Cinco reclusas colaboran en la promoción oficial de la ruta jacobea del Norte - Una campaña busca su reconocimiento por la Unesco

Hay momentos en la vida que uno desea que no terminen nunca. Las cinco internas de la cárcel alavesa de Nanclares de la Oca que participaron ayer en un acto de promoción oficial del Camino de Santiago Norte lo saben. "En cuanto ves la prisión de nuevo, casi tienen que empujarte. Es muy difícil volver a la realidad", asegura una de ellas.

Las reclusas participaron en un acto junto a una delegación oficial encabezada por el viceconsejero de Cultura, Antonio Rivera, en la que participó, entre otros, la directora del Instituto Etxepare, Aizpea Goenaga. El grupo se reunió a primera hora de la mañana en el puente de Santiago de Irún, kilómetro cero del recorrido costero de la ruta jacobeo para recorrer una de sus etapas entre la localidad fronteriza y Orio.

San Sebastián "Es muy difícil volver ala realidad de la cárcel", asegura una interna
Las cinco presas de Nanclares cubrieron una etapa entre Irún y Orio

El acto sirvió de comienzo a una serie de eventos que tendrán como objetivo lograr que la Unesco nombre Patrimonio Cultural el recorrido del Norte. El Camino Francés, la ruta jacobea inicial, fue declarado Patrimonio de la Humanidad en el año 1993.

Visto el interés de los periodistas, las presas, que comenzaban el ascenso a Jaizkibel, mostraban su sorpresa. "Parecemos Cristiano Ronaldo o Isabel Pantoja", bromeaban a la llegada al santuario de Guadalupe, una cita obligada para los peregrinos.

"En el fondo, tienen miedo a la libertad", comenta Txarly Martínez de Mujanda, capellán de la prisión alavesa, mientras el autobús que les traslada inicia su descenso rumbo a Pasaia. "Salen de permiso y temen llevar una etiqueta que indique de dónde vienen", añade. Tamara, una de las internas, añade la dificultad que supone ser aceptada en el exterior: "Es muy fácil tropezar en la misma piedra".

Antes de cruzar en barca de San Juan a San Pedro, la comitiva visita un albergue para los peregrinos del Camino. A la salida, Ina y Begoña, dos de las reclusas, reparten chocolate entre los asistentes para reponer fuerzas. El autobús traslada al grupo a Orio, donde, antes de comer, visitarán el Centro de Interpretación del Camino de Santiago, en el que se exponen diferentes imágenes y textos que permiten conocer de forma interactiva las distintas épocas de la ruta de peregrinación a la tumba del apostol.
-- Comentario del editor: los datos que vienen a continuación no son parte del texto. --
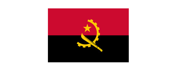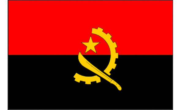 Собственный государственный флаг Анголы (пропорции 2: 3) впервые был поднят 11 ноября 1975 г. на центральной площади столицы Луанды вместо спущенного флага Португалии. Его полотнище состоит из двух горизонтальных полос: верхней красного цвета и нижней – черного. В центре флага изображена золотистая эмблема: перекрещенные половина зубчатого колеса и нож-мачете, над которым пятилучевая звезда.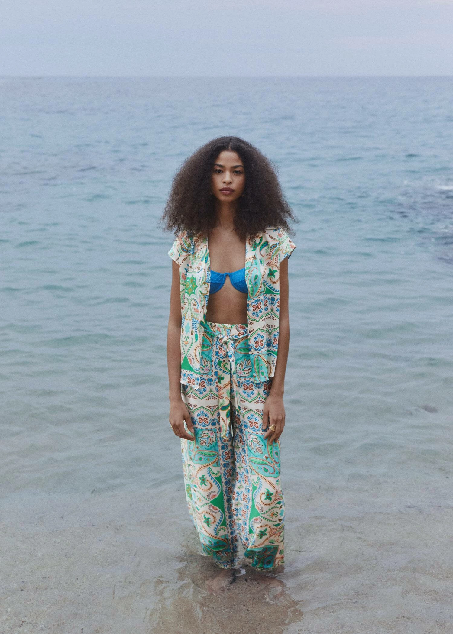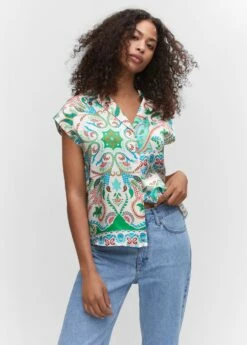 tissu satine, tissu fluide, coupe droite, imprime paisley, col chemise, manches courtes, fermeture boutonnee sur le devant, total lookComposition: 100% polyester

La belleza del Camino fue el asunto más tratado durante una comida en la que se destacó la dificultad que debía suponer para quienes en los siglos XI o XII recorrían los escarpados senderos de la costa. Mientras, las presas disfrutaban de un copioso almuerzo, preludio de su regreso a Nanclares.

Tamara, que ha disfrutado de la etapa, habla de sus hijos: "Hay días en los que te levantas y lloras, pero hay que tratar de seguir adelante, luchar por mis hijos, darles un futuro mejor". Sin embargo, sabe que será difícil, por tantos prejuicios.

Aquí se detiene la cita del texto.